An augmented reality demo by Apple, using a smartphone instead of a headset.
Enlarge / An augmented reality demo by Apple, using a smartphone instead of a headset.

Apple’s mixed reality headset has moved beyond the prototype phases and is barreling toward production, according to a new report in DigiTimes that cites component suppliers. DigiTimes claims that Apple has already conducted “second-phase engineering validation and testing (EVT 2)” for the headset.

“EVT 2” is a phase along Apple’s path to production. The company begins with prototypes before moving on to the first EVT (engineering validation testing) phase. “EVT 2” indicates that this is the second phase of testing for the device during that phase.

After engineering validation, Apple moves on to design validation and then to production validation before production finally begins.

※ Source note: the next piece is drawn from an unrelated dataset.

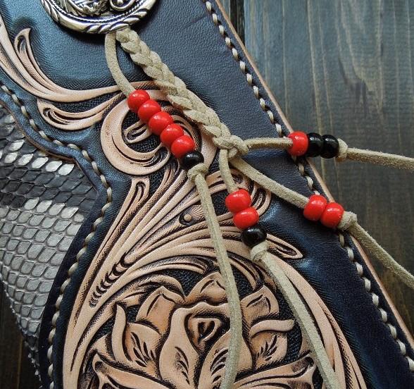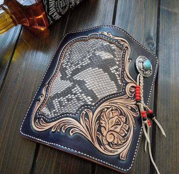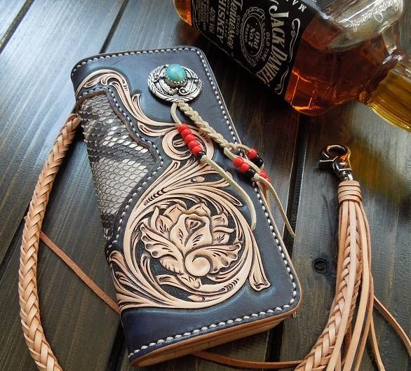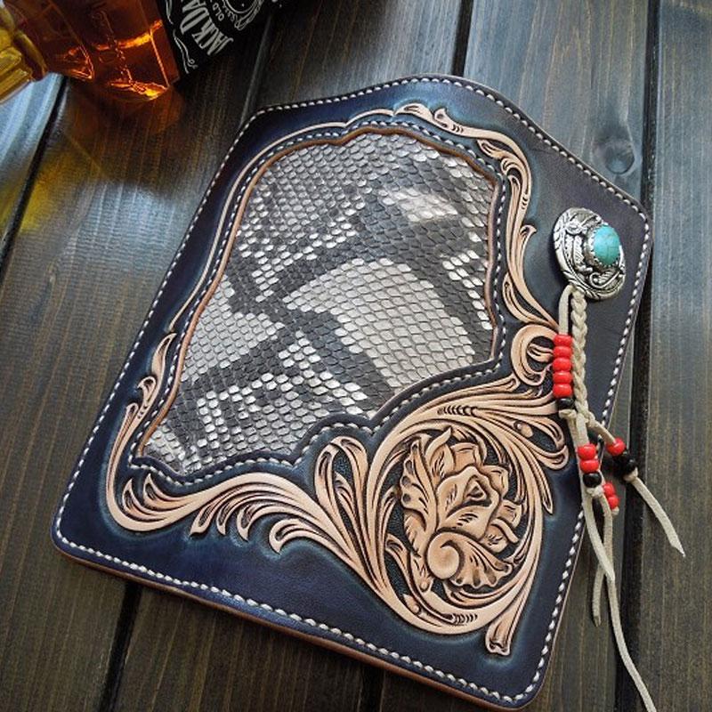 Design: Handmade Leather Tooled Floral Mens Clutch Wallet Cool Wallet Long Wallets for Men

The report claims that the headset will enter mass production in August or September and that Apple is still targeting a 2022 launch for the product. Conflicting reports have emerged lately about the timing of Apple’s first mixed reality headset launch. Apple reportedly planned for a 2019 launch at first but has delayed that launch multiple times.

Several reliable sources were saying last year that the headset would come in 2022, but Bloomberg reporter Mark Gurman cautioned recently that the device could be delayed to 2023. Meanwhile, analysts like Ming-Chi Kuo continued to predict a 2022 launch.

Over the past few years, Gurman has a very strong track record in predicting Apple’s announcements and products. But he doesn’t always accurately predict the timing of those announcements and products. The same is sometimes true of Ming-Chi Kuo’s analysis.

Component supply chain sources like those cited by DigiTimes often do have some insight into what Apple is working on, but they also typically do not have the full picture. So this report is not a rock-solid confirmation that the device will be ready to go this fall. Still, it’s a good sign.

This first headset has been said to include very high-end specs, like 4K displays, multiple accurate sensors, or silicon equivalent to the M1 Pro or M1 Max chips found in recent MacBook Pro models. The headset will likely be used for professional applications and will help app developers begin work on the sorts of immersive experiences that may attract users to a more mainstream product down the road.